RATIN

Dar to host world’s largest banana research centre

Posted on February, 11, 2019 at 08:36 am


TANZANIA is set to host the world’s largest banana research and development centre, majoring in indigenous varieties of matooke, mchare and Cavendish.

The Banana Centre of Excellence will be at the Nelson Mandela Institution of Science and Technology (NM-AIST) already with about 14 partners in a new development that has attracted national and international interest.

NM-AIST Vice Chancellor, Prof Emmanuel Luoga, said the centre would conduct researches on how to improve banana cultivation, with varieties that were resistant to diseases and pests and benefit many growers in the Northern Zone of Tanzania, to start with.

Coordinator of the projects that the centre is included in, Prof Karoli Njau, from the NM-AIST School of Water Resources and Environmental Science and Engineering (WESE) said they would cooperate with the International Institute of Tropical Agriculture (IITA) that sought to improve banana for smallholder farmers in the Great Lakes Region.

Prof Njau said the centre that would be of its kind and largest in the world, among other things, would be dealing with banana management for better production and researches had been going on at Lyamungo and Tarakea in Kilimanjaro Region as well as at NM-AIST field. Growers will be guided on varieties and how best to manage the production.

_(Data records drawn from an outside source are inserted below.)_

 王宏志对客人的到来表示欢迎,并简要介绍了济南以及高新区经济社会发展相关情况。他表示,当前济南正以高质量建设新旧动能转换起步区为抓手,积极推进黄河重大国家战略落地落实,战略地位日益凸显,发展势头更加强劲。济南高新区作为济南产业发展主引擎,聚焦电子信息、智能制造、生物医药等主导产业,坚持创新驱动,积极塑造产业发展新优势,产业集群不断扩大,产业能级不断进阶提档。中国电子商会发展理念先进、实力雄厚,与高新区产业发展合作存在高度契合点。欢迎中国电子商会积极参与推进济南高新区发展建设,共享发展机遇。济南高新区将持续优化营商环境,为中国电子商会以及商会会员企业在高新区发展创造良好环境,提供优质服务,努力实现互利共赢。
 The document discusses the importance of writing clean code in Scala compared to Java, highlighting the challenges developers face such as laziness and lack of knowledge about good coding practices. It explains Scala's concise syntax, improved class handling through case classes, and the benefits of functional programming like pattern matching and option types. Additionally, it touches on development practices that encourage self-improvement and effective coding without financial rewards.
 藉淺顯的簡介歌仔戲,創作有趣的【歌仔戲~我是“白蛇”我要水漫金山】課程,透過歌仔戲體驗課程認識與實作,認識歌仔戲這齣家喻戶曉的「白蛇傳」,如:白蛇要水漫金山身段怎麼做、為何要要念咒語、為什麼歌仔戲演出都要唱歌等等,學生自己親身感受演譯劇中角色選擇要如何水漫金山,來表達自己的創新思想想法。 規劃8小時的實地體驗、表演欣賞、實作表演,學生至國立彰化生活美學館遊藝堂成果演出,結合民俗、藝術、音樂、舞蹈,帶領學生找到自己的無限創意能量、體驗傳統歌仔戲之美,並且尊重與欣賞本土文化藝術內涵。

Professors involved in the project, Rony Swennen and Patrick Ndakidemi, said about seven per cent of the population in the region consumed matooke variety, while between 20-30 per cent of the population in selected rural regions depended on mchare that was said to be regionally important.

Prof Ndakidemi noted that with students from Tanzania, Kenya, Uganda, Rwanda, Burundi, Ethiopia Mozambique, Malawi, Zambia and Comoro, NM-AIST would be engaging in the major project and ensure the centres had clearly set modalities to ensure sustainability, including making sure that it was properly manned.

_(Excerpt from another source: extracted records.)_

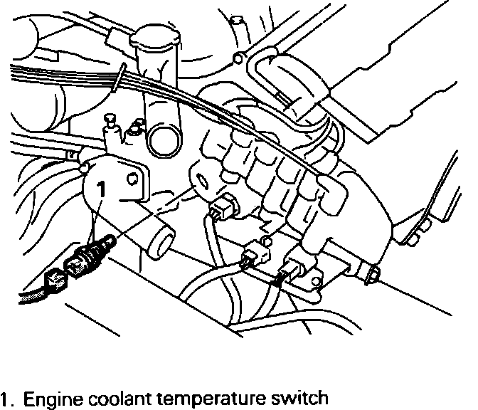 Engine coolant temperature switch, located in the thermostat housing at the rear of the engine.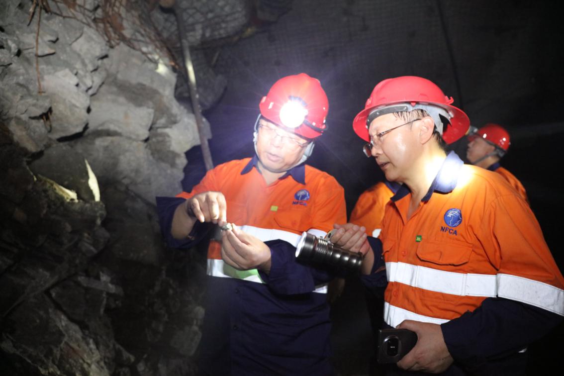 在中色非礦,奚正平董事長一行來到中色非礦主西礦體井下新盤區(qū)二盤區(qū)573mI采場、400mL主維修硐室,實地查看了采場支護、掘進通風、爆破作業(yè)、設備維保和文明生產等情況。隨后參觀了東南礦體控制中心、贊比亞實驗室、員工技能培訓學校,仔細詢問生產工藝流程、信息化建設、經濟技術指標、科研創(chuàng)新、安全警示教育等工作情況。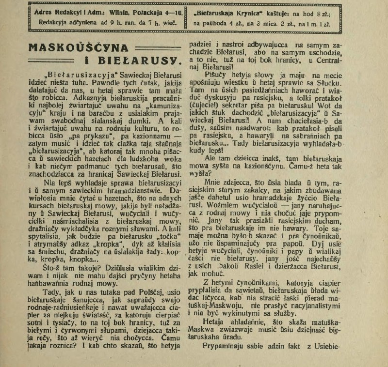 Артыкул пра тое, як у БССР праводзілася “беларусізацыя”, але далей беларускую мову і культуру выцясн… 02.01.2026Мінск Навіны Артыкул пра тое, як у БССР праводзілася “беларусізацыя”, але далей беларускую мову і культуру выцясняла расейская і расейшчына. Артыкул 1926 года, у нейкай ступені далей актуальны.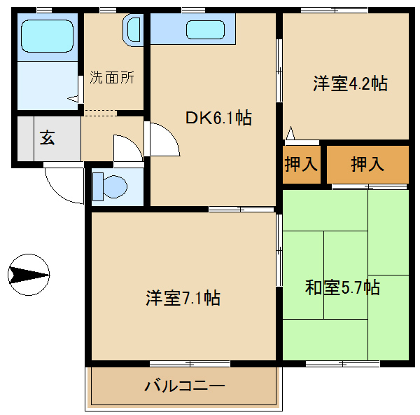 | 設備 | 給湯、BT別、シャワー、脱衣所、洗面所独立、シャワー付洗面化粧台、3点給湯、最上階、バルコニー、畳張替済、フローリング、押入、下駄箱、TVモニタ付ドアホン、駐輪場、インターネット接続可、地上デジタル、BS、防犯カメラ、防犯シャッター、シリンダーキー(ディンプル)、エアコン、室内洗濯機置場、ガスコンロ設置可 | ||

IITA and NM-AIST agreed to strengthen relationship in January, when Mr Victor Manyong, IITA Director for East Africa called at NM-AIST and held talks with Prof Luoga. They collaborate in efforts to build Africa’s capacity for science and technology.

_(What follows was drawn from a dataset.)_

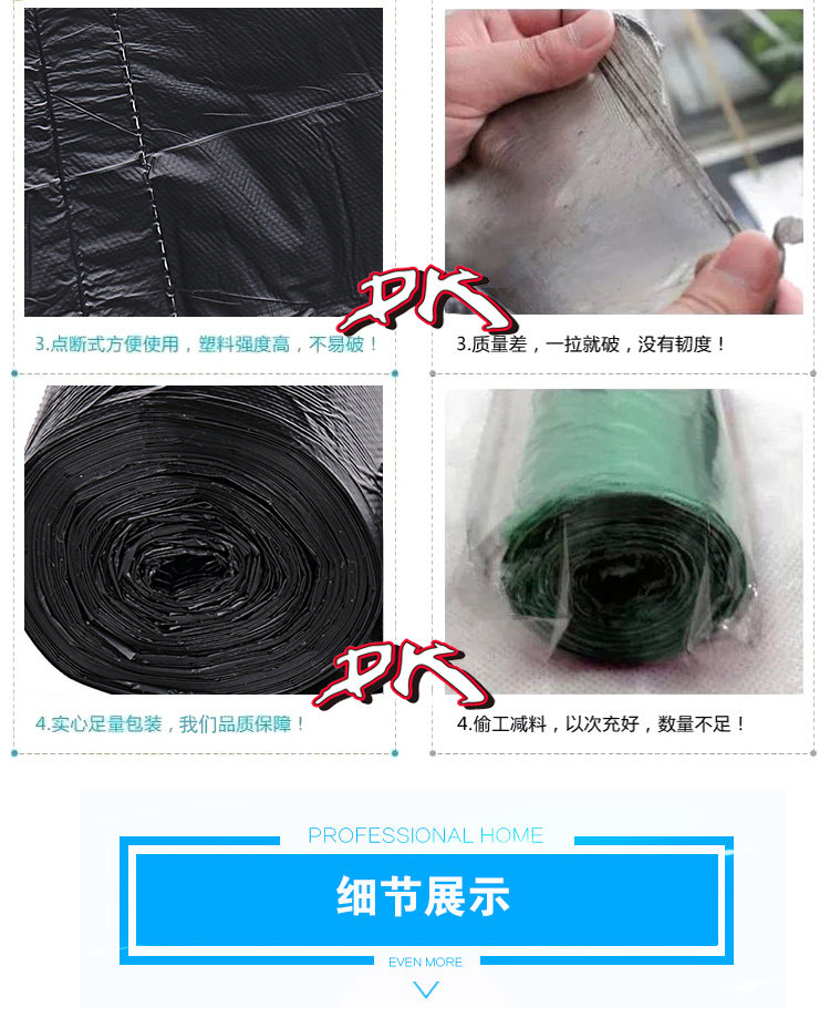 Garbage bag household thickened black disposable small large garbage bag kitchen continuous roll plastic bag point-off type

They already have in place a Memorandum of Understanding (MoU) based on collaboration in the banana research project. The university currently houses IITA’s banana research team and provides fields for the crop’s breeding trials.

Banana is a popular fruit in the world market and serves as an ideal and low-cost staple food in East Africa, whose residents rely mostly on it as a source of food. It is practically a non-seasonal crop reliably grown by local farmers primarily for food. It has been categorised as
the dessert bananas and cooking bananas.

Banana plays a key role in food security. It serves as a source of carbohydrates, minerals and vitamins all year-round. The banana crop provides a household annual income of about $ 1,500, the highest smallholder income-generating crop in the region.

Currently, several indigenous and improved cultivars exist in East Africa. However, only a few popular cultivars are produced for commercial purposes.